Wednesday, May 23, 2012

Our Family


 So I've spent all this time playing catch up so I think now it's time to write about our soon-to-be addition to our family. Everyone knows this by now but I am pregnant! We are so excited and can't wait for this little bugger to get here already. I know we still have awhile so we'll definitely have to learn some patience. But here's the story. Zach has wanted a baby for FOREVER! If it were up to him, I would've been pregnant a month after we got married. Luckily, I talked him in to us waiting at least a year so I got closer to finishing school and all that jazz. So he let me wait a year, almost exactly. In November, I was off the pill. We were thinking, okay it's not that difficult, you stop taking the pill, you get pregnant. So we were a little disappointed each month when I started my period. I know we hadn't even been trying for that long and people will probably think I'm ridiculous for getting nervous so early but I couldn't help it. So in February, we didn't really get our hopes up because we hadn't been counting days or anything like that. I did the 14 days of Valentine's for Zach again this year but since Valentine's day is on a Tuesday, he had to go to work. We had dinner on the Saturday before but he wanted to spend at least the next day with me so he took it off. I thought that was really random because it was a Wednesday so it wasn't like we were going to go do anything fun anyway but it must have been meant to be. I hadn't started my period yet and I was supposed to start on Sunday. Again, people will probably think that I'm crazy but I was NEVER late. It was always right on, give or take a day. So I was driving myself crazy. I sneaked in to the bathroom and took a test, without Zach realizing it. I didn't want to just sit in there staring at the test so I went to the kitchen and made a sandwich. I almost forgot about it but then I went back and couldn't believe it when I saw that little + sign. I probably stared at it for a minute.
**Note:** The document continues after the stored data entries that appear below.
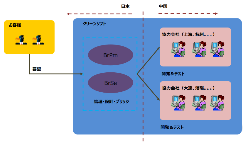 日本国内に弊社のブリッジPM及びブリッジSEがおりますのでオフショア先の開発における管理が可能です。
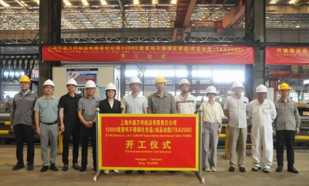 8月15日,上海興通萬邦航運有限責任公司與控股股東興通海運股份有限公司在泰州口岸船舶有限公司共同舉行2艘13000噸級不銹鋼化學品船開工儀式。兩艘船舶同步啟動建造,充分體現了項目推進的高效節奏與雙方團隊的緊密協同能力。據悉,該批次剩余2艘船舶也將按計劃有序開工。興通股份副總裁陳其德、興通萬邦副總經理黃愛蘭分別率團隊出席儀式。
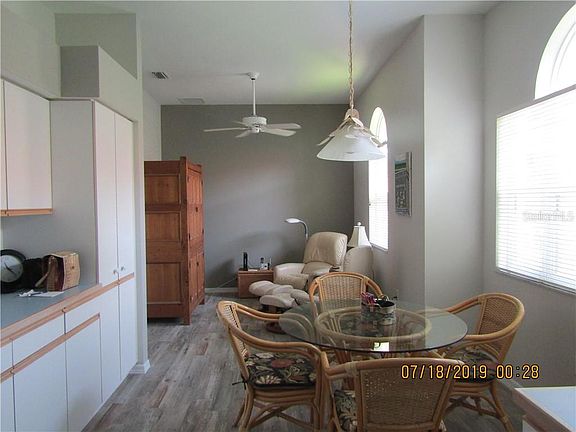 - Interior Features: Ceiling Fans(s), Eating Space In Kitchen, High Ceiling(s), Crown Molding, Solid Wood Cabinets, Thermostat, Living Room/Dining Room Combo, Solid Surface Counters, Window Treatments
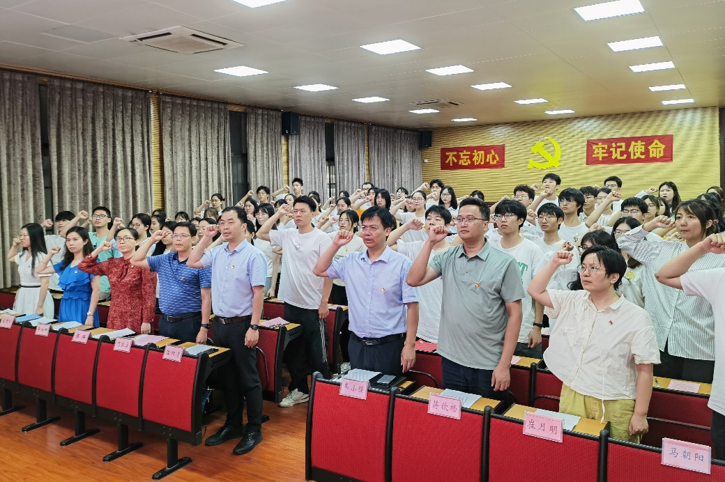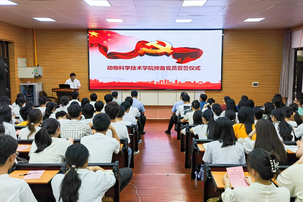 在中国共产党成立103周年之际,为进一步激励和引导党员同志不忘初心、牢记使命,接续奋斗、砥砺前行,7月1日下午,beat365在318报告厅举行预备党员宣誓仪式。动物科学技术公司党委书记韦小强,党委副书记、经理陆阳清,党委委员、副经理宁鹏飞、何家康、蒋钦杨,纪委委员、动物医学系主任陈樱,以及全体辅导员参加仪式。动物科学技术公司党委副书记沙建主持仪式。
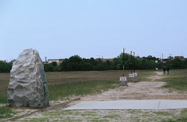 ライト兄弟が実験に使ったモノレールが敷かれ、4回にわたる実験飛行の距離がわかるように着陸地点に標識が立てられている。12月17日、最初の飛行はオービルが操縦し、交代にテストパイロットになった。オービルが最初に達成した12秒、飛行距離120フィートが人類初の動力飛行として記録された。その後操縦に慣れてきた兄弟はさらに飛行距離を伸ばし、4回目のウィルバーが59秒で852フィートを飛行し、フライヤーが多少損傷を負ってこの日の実験は終わった。朝10時半から始められ、4回の実験飛行が終わったのは12時だった。
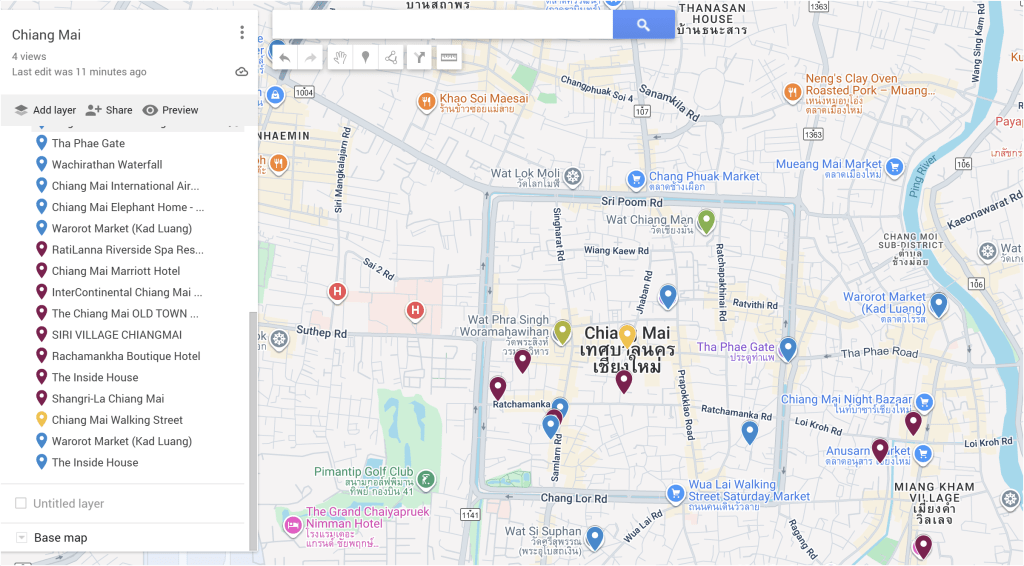 Chiang Mai was founded in the 13th century as the capital of the Lana dynasty and is the gateway to the Northern Highlands. It is located on the banks of the Ping River which is the main tributary of the Chao Praya river ( which also flows through Bangkok. More about it later). The core city referred to as the “Old Town” comprises of a square 1.6×1.6 km enclosed by a wall and a moat. While the moat remains, much of the wall has been destroyed and one can only see some remnants of this wall. The city extends beyond this in all directions and is in many ways a modern city .

So I walked out with it and I must have had this goofy smile or something on my face because Zach looked at me and was like, "What?" So I just held up the test and he's like, "negative?" and I just shook my head. I seriously didn't know what to say. He didn't believe me at first and just kept saying nuh-uh. He came and looked at it and it was kind of a faded + sign so he made me take another one. This time, it was a lot darker so we knew for sure that it was positive. We sat there in shock for a minute and then just hugged each other and cried a little.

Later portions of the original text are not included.